> Your task
Using the data below, restate exactly every line from the one with "Because AOM is" up to and including the one with "Opening remarks – Mayor Avignon". No picture belongs in it.
◆ ◆ ◆ ◆
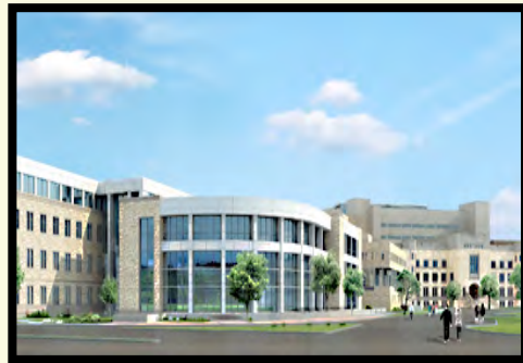
2013 New E-Wing opened. Medicine Chest placed in Dube Health Science Library
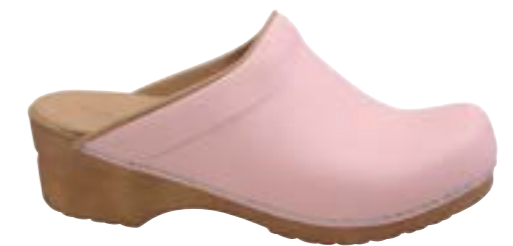
Sandra // 473047 // PU Leather 65 Pink // Size 35-42
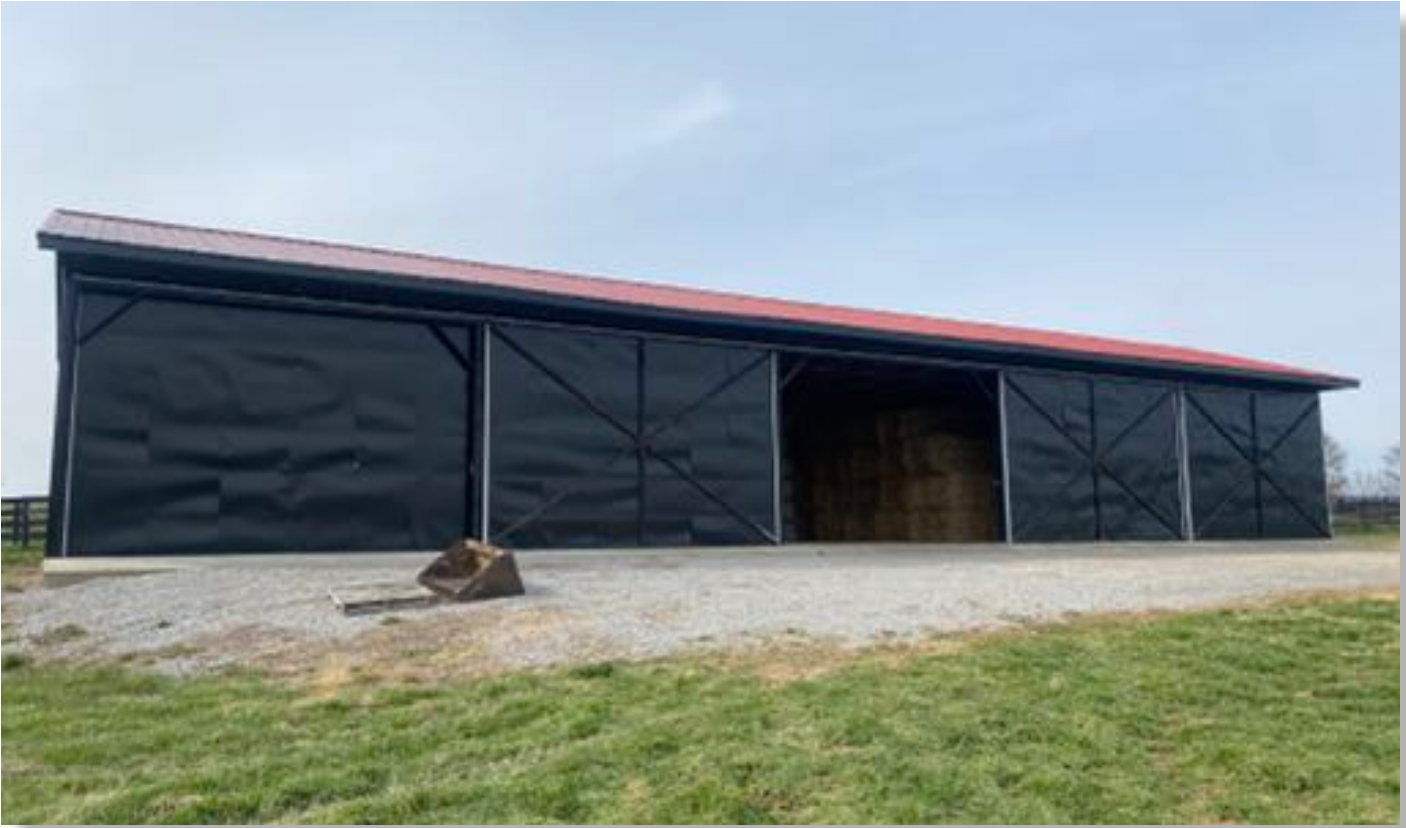
100x40 metal storage/hay barn with 14' overhead doors and concrete floor
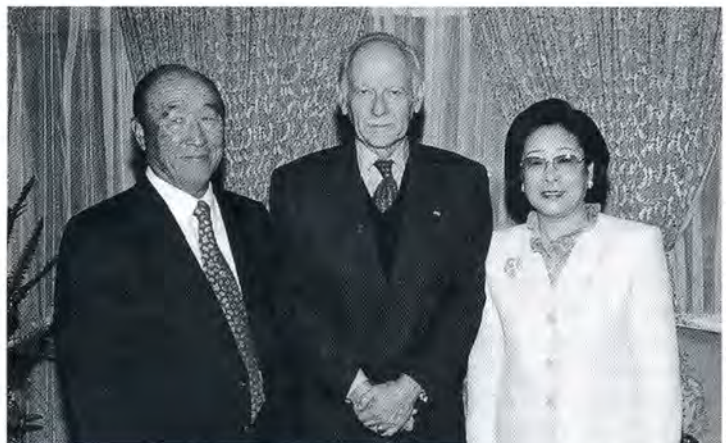
True Parents pause for a moment to take photos, during their meeting with Ecuadorian President Sixto Duran.

That is the purpose of the providence of salvation. Due to the fall, God lost the True Mother, as well as the children of
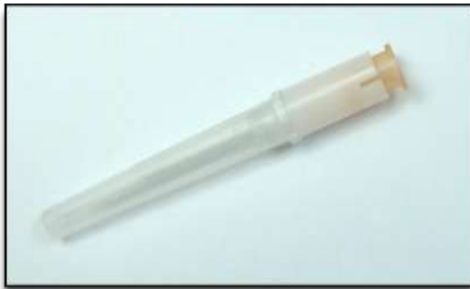
Figure 8: DuoDraw ® Transfer and Injection Unit

The patented DuoDraw ® Transfer and Injection Unit consist of a protective cap, a draw-up needle which functions as a needle sheath and an injection needle.
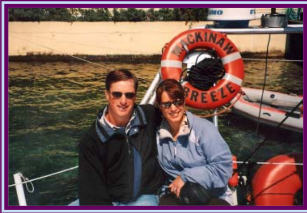
Macinac Island Vacation
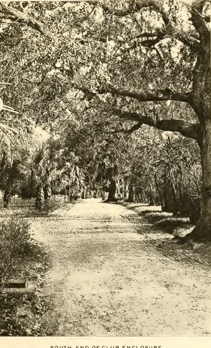
SOUTH END OF CLUB ENCLOSURE
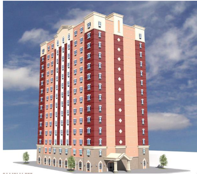
126-30 Locust Manor Lane, Queens
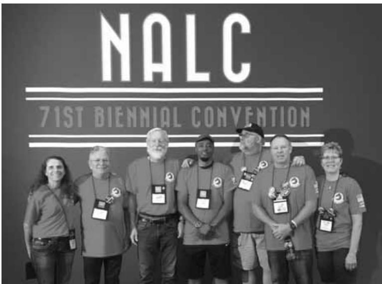
Branch 9 NALC Veterans Group wearing the red T-shirts reading "Veterans Helping Veterans."
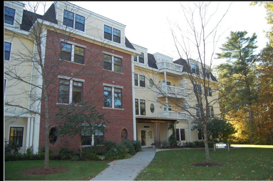
Sample densities at Traditions elderly housing, with 3-4 stories
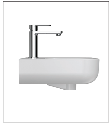
Tapware shown not included.
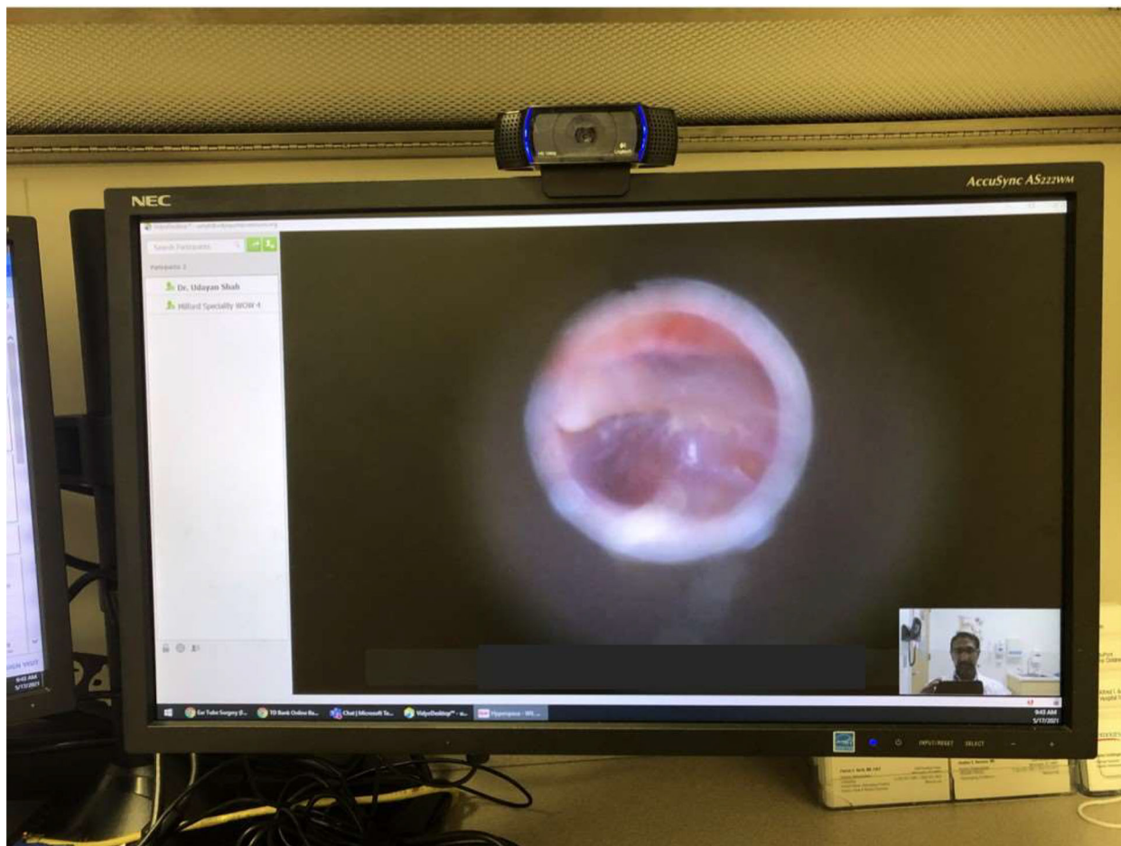
FIGURE 3 | Otoscopy via telemedicine. The camera is at top of the monitor.

Because AOM is the most common reason for pediatric outpatient visits, HBT can offer earlier, more accurate diagnoses for primary care providers, meaning more judicious
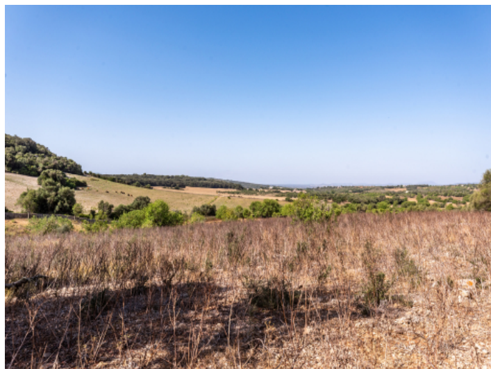
Plot with extensive views
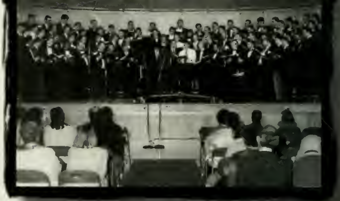
Die Meistersinger reunion chorus brought together some of the finest male voices to have graced the halls of Southern over the past 23 years
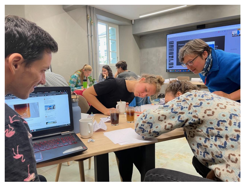
Figure 0.1: Making fortune tellers for outreach and teaching purposes and also playing with coffe from inspiration by an example fortune teller.
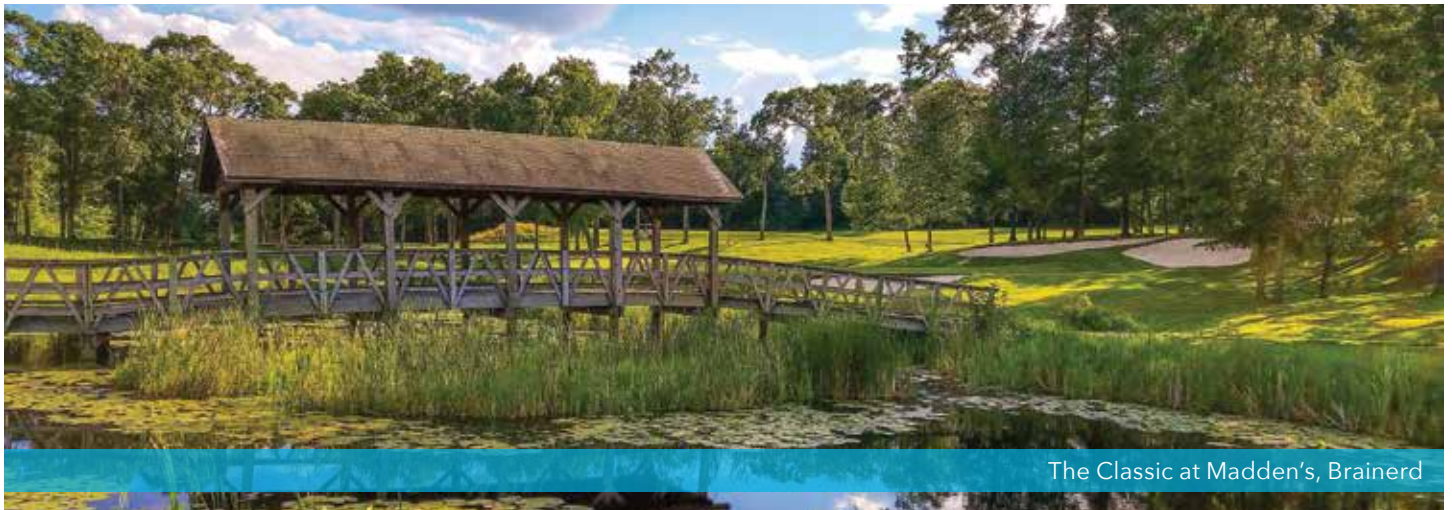
The Classic at Madden's, Brainerd
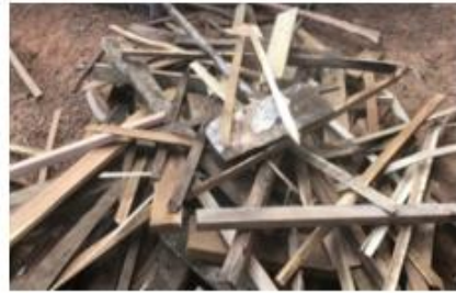
b) hardwood chips.
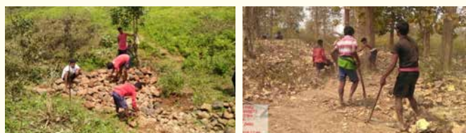
LBCD in Bondiki VSS under Malkangiri DMU Fire line tracing in Mudulipada VSS under Malkangiri DMU
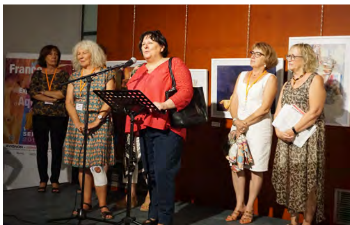
Opening remarks – Mayor Avignon
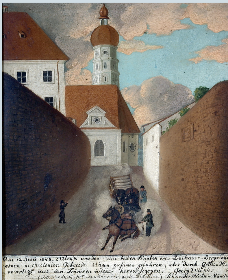
Even after modification, the road down the hill remained dangerous: On 12 June 1848, my two boys were hit on Dachau hill by a corn wain rapidly following behind, but with God’s help they were pulled from the wreckage uninjured... , votive tablet at the pilgrimage chapel of Maria-brunn (near Röhrmoos)
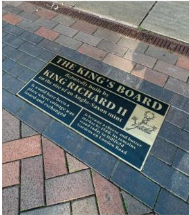
Figure 3: Example of historical and cultural design interpretations
◆ ◆ ◆ ◆
> Task answer
Because AOM is the most common reason for pediatric outpatient visits, HBT can offer earlier, more accurate diagnoses for primary care providers, meaning more judicious
Plot with extensive views
Die Meistersinger reunion chorus brought together some of the finest male voices to have graced the halls of Southern over the past 23 years
Figure 0.1: Making fortune tellers for outreach and teaching purposes and also playing with coffe from inspiration by an example fortune teller.
The Classic at Madden's, Brainerd
b) hardwood chips.
LBCD in Bondiki VSS under Malkangiri DMU Fire line tracing in Mudulipada VSS under Malkangiri DMU
Opening remarks – Mayor Avignon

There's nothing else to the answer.